The values that underpin our food system explored
The report discusses each value in detail:
- Tuakana/Teina (Mana o te Taiao): Emphasis on environmental regeneration, regulatory clarity and improved incentives for nature-positive practices.
- Atua: Focus on protecting mauri in food, limiting unnecessary processing, and ensuring quality from production to consumption.
- Ngā Nuinga: Ensuring equitable access to nutritious food, halving food waste by 2030, and strengthening community-led food security initiatives.
- Mātauranga: Integrating indigenous knowledge and world-class science, encouraging biotechnology discussions, and increasing innovation investment to at least 2% of producer-gate value.
- Manaakitanga: Ensuring no food poverty by 2035 and strengthening the hospitality sector’s role in community wellbeing.
- Rangatiratanga: Improving governance capability, ensuring diversity of leadership, and embedding Te Tiriti principles in food system governance.
- Ohaoha: Supporting economic prosperity, creating 25,000 new “future fit” jobs by 2030, and increasing export value by 25% through Mana Kai-aligned production.

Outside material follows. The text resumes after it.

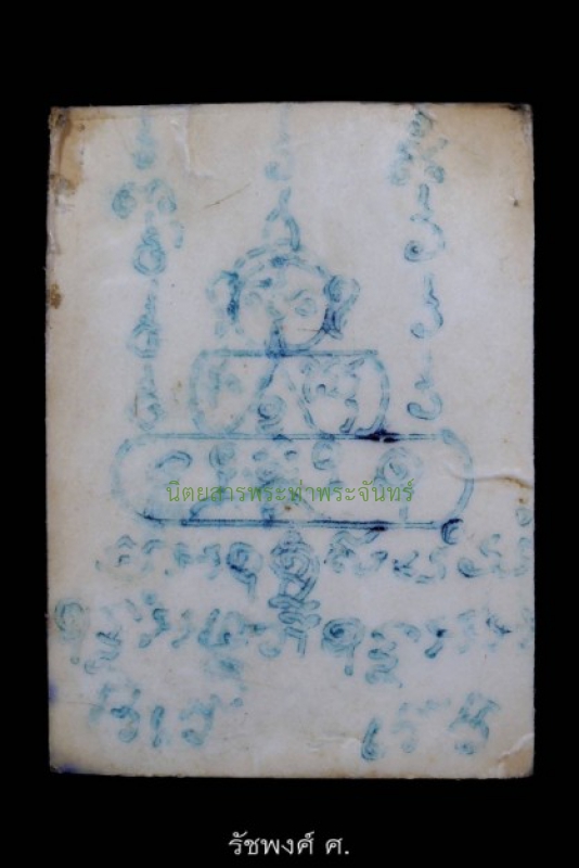 รายละเอียดพระ รูปนั่งเต็มองค์หลังใบโพธิ์ขอบลายธงชาติ หลวงพ่อคง วัดวังสรรพรส จังหวัดจันทบุรี รูปภาพสวยงามตามกาลเวลาครับ ด้านหลังจารปากกาลงยันต์ตุ๊กตาเทพพนม ขนาดห้อยคอกำลังสวยงามครับ อีกหนึ่งรุ่นของรูปภาพที่น่าใช้บูชาของหลวงพ่อคง สุวัณโณ ที่ทันหลวงพ่อคง และมีประสพการณ์ ใบนี้สวยเดิมตามกาลเวลาไม่มีชำรุดใดๆ แถมยังได้เป็นองค์ดาราหน้า 262 หนังสือฉบับสมบูรณ์ "ประวัติและวัตถุมงคล หลวงพ่อคง วัดวังสรรพรส (ฉบับสมบูรณ์)" และองค์​นี้ยังเป็นองค์ดาราในทำเนียบรุ่นของหลวงพ่อคงใน​ Wed-pra.​ ตัวกรอบเงินยังอยู่ครบ น่าใช้บูชามากครับ 這是一尊龍婆孔全身坐像,出自尖竹汶府旺山帕羅寺,佛像周圍環繞著菩提葉,菩提葉邊緣飾以泰國國旗圖案。考慮到其年代,這尊佛像依然精美。佛像背面刻有手刻的祈禱神符。尺寸適中,可作吊飾配戴。這是龍婆孔蘇萬南(Luang Pho Khong Suwannano)的另一尊備受追捧的佛牌,與他同時代,以其強大的功效而聞名。這尊佛牌保存完好,雖歷經歲月洗禮卻絲毫未損,並在該書完整版第262頁被列為明星佛牌。《龍婆孔佛牌史及佛牌,瓦旺桑帕洛寺(完整版)》中的這尊佛牌也是Wed-pra網站上龍婆孔佛牌目錄中的重點展品。銀框保存完好。非常適合供奉和佩戴。 A full-body seated image of Luang Pho Khong, Wat Wangsanphrarot, Chanthaburi Province, with a Bodhi leaf bordered with the Thai flag pattern. The image is beautiful considering its age. The back has a hand-inscribed Yantra of a praying deity. A beautiful size for wearing as a pendant Another highly sought-after amulet of Luang Pho Khong Suwannano, contemporary with him and known for its efficacy. This piece is beautifully preserved, showing no damage despite its age, and is featured as the star amulet on page 262 of the complete edition of the book "The History and Amulets of Luang Phor Kong, Wat Wangsanphraros (Complete Edition)" This particular amulet is also a featured piece in the Luang Phor Kong catalog on Wed-pra. The silver frame is still intact. Highly suitable for worship and use. หากต้องการออกใบการันตีของนิตยสารท่าพระจันทร์ในชื่อท่าน ยินดีดำเนินการจัดส่งตรวจสอบเก๊-แท้ให้ครับ รับประกันแท้ตลอดชีวิต 0824649987 กอล์ฟ รัชพงศ์

Tikanga: Developing a national tikanga code and celebrating food culture through an annual Matariki food festival.
Hauora: Improving health outcomes through sustainable eating guidelines by 2030, and reducing obesity, malnutrition and food insecurity by half by 2030.
Actions to accelerate towards the food system we aspire to
The report identifies eight priority actions: establishing the Mana Kai Pou; a community food platform; mission-led science; healthy-sustainable eating guidelines; enhanced food-in-schools programmes; ocean-legacy initiatives; a national biotechnology conversation; and pathways for regenerative farming.
What comes next for mana kai?
The report proposes a national movement rather than a formal entity, encouraging organisations and individuals to opt in, make verifiable pledges, and collaborate to advance system change aligned with the Mana Kai framework.